I loved my job. Most of the time when you were an obstetrician, you were present at one of the most joyous moments of a woman’s life. Of course, there were incidents that were not quite as happy-I’d had my share of having to tell a pregnant woman that there’d been a fetal demise; I’d had surgeries where a placenta accreta led to DIC and the patient never regained consciousness. But I tried not to think about these; I liked to focus instead on the moment when that baby, slick and wriggling like a minnow in my hands, gasped its way into this world.

I knocked. “All set?”

She was sitting on the examination table, her belly resting on her lap like an offering. “Great,” I said, fitting my stethoscope to my ears. “We’ll start by listening to your chest.” I huffed on the metal disk-as an OB I was particularly sensitive to cold metal objects being placed anywhere on a person-and set it gently against the woman’s back. Her lungs were perfectly clear; no rasping, no rattles. “Sounds fine,” I said. “Now let’s check out your heart.”

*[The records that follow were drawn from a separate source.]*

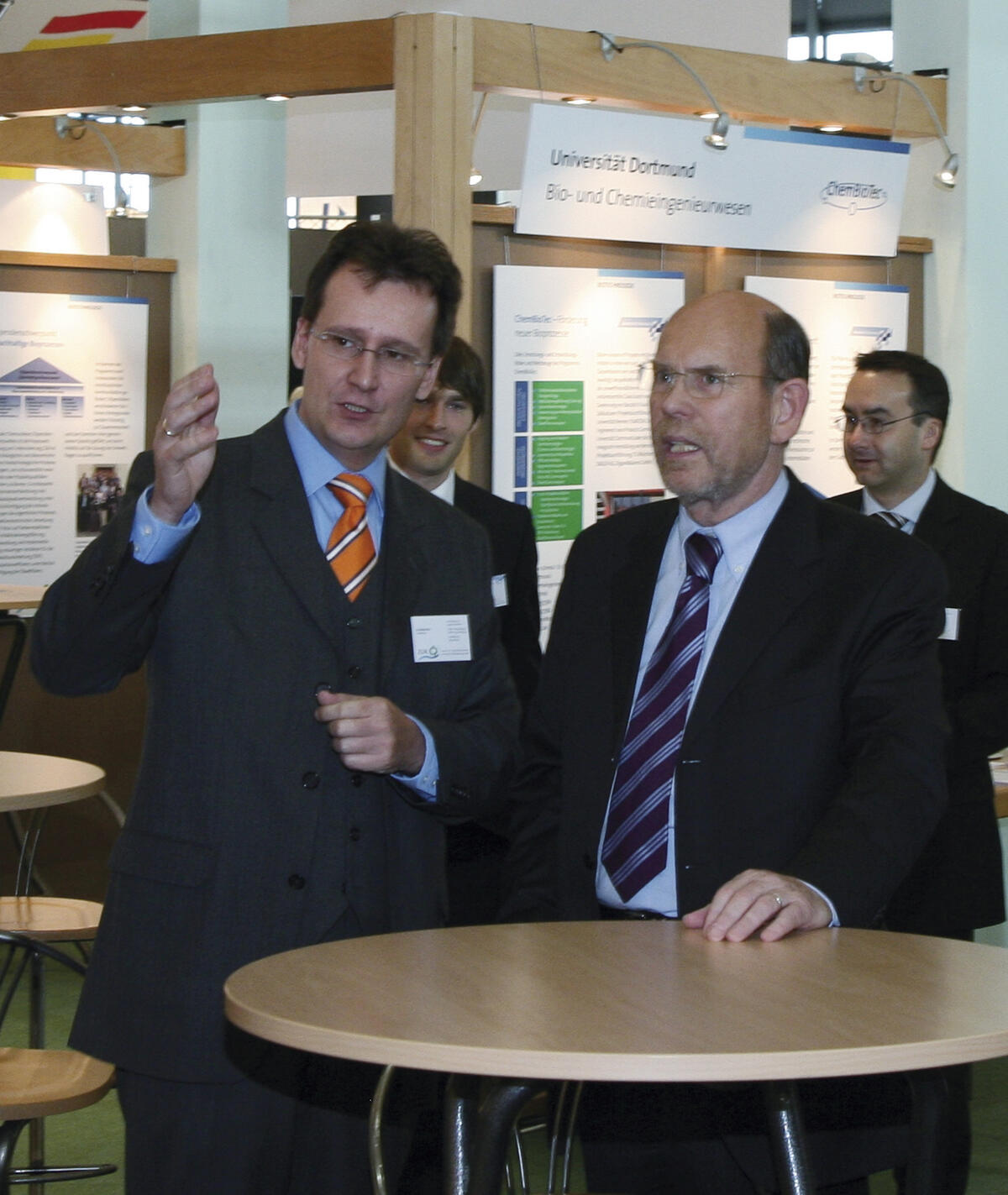 Mehr als 860 Aussteller aus 32 Nationen boten den rund 13.000 Besuchern der Biotechnica Anfang Oktober in Hannover einen umfassenden Überblick über die europäische Biotechnologie-Branche. Unterstützt von sechs Mitausstellern präsentierte die DBU biotechnologische Innovationen für den Umweltschutz. Neben zahlreichem Fachpublikum besuchten Niedersachsens Finanzminister Hartmut Möllring, der niedersächsische Wirtschaftsminister Walter Hirche (rechts) sowie der Staatssekretär im niedersächsischen Agrarministerium, Friedrich-Otto Ripke, den DBU-Messestand und waren beeindruckt von den Förderprojekten. Links: Projektleiter Dr. Rainer Erb, Zentrum für Umweltkommunikation der DBU.
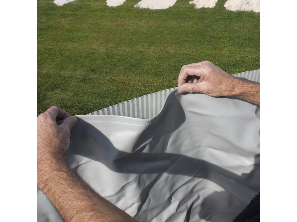 – Liner de PVC gris con grosor 30/100 y tratamiento Anti-Ultravioleta.
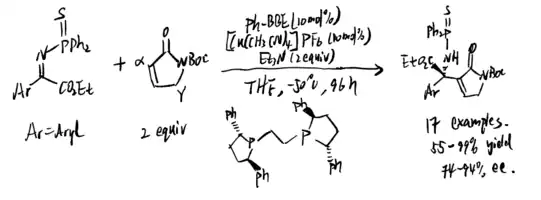 In 2016, direct asymmetric catalytic Mannich reaction of an alpha, beta-unsaturated gamma-butyrolactam with ketiminoesters was proposed by Kumagai el al. using soft Lewis acid/hard Brønsted base cooperative catalysis. (scheme 22)[17] As a result, alpha-addition products were synthesized from alpha,beta-unsaturated gamma-butyrolactams onto ketimines through asymmetric catalysis, which is a novel catalytic asymmetric reaction. The corresponding phosphinoyl protected ketiminoester did not react without the cooperative catalysis by the soft Lewis acid / hard Bronsted base, which means the interaction between copper catalyst (as soft Lewis acid) and thiophosphinoyl protecting group of ketimines (as soft Lewis base) is significant for this successful Mannich reaction.
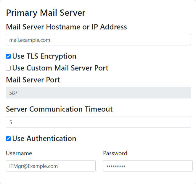 - In Mail Server Hostname or IP Address, enter the hostname or IP address of your mail server.
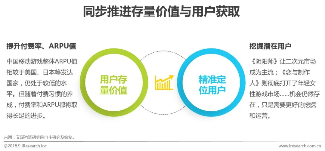 依靠买量获取用户并转化为收益的模式已日渐式微,所有的厂商都开始关注用户的存量价值,将提升APRU值作为未来的市场规模提升的主要方向,这符合“流水=玩家数量 x 付费率 x ARPU值”的标准公式。但游戏是多元化产业,《王者荣耀》《旅行青蛙》等爆款游戏,让广大的游戏从业者看到用户增量仍然存在,只是需要更加精准化、跨界化、感性化的进行用户定位。唯有在用户的获取和运营上同步推进,才能将整体价值提升至最大化。

I slid aside the neckline of the gown to find a large median sternotomy scar-the vertical kind that goes straight down the chest. “What’s that from?”

“Oh, that’s just my heart transplant.”

I raised my brows. “I thought you told the nurse that you didn’t have any medical problems.”

“I don’t,” the patient said, beaming. “My new heart’s working great.”

Charlotte didn’t start seeing me as a patient until she was trying to get pregnant. Before that, we were still just moms who made fun of our daughters’ skating coaches behind their backs; we’d save seats for each other at school parent nights; occasionally we’d get together with our spouses for dinner at a nice restaurant. But one day, when the girls were playing up in Emma’s room, Charlotte told me that she and Sean had been trying to get pregnant for a year, and nothing had happened.

“I’ve done it all,” she confided. “Ovulation predictors, special diets, Moon Boots-you name it.”

“Have you seen a doctor?” I asked.

“Well,” she said. “I was thinking about seeing you.”

I didn’t take on patients I knew personally. No matter what anyone said, you couldn’t be an objective physician if it was someone you loved lying on your operating table. You could argue that the stakes for an OB were always high-and there’s no question I gave 100 percent every time I walked into a delivery-but the stakes were just that tiny bit higher if the patient was personally connected to you. If you failed, you were not just failing your patient. You were failing your friend.

“I don’t think that’s the greatest idea, Charlotte,” I said. “It’s a tough line to cross.”

“You mean the whole you’ve-got-your-hand-up-my-cervix-now-sohow-can-you-look-me-in-the-eye-when-we-go-shopping part?”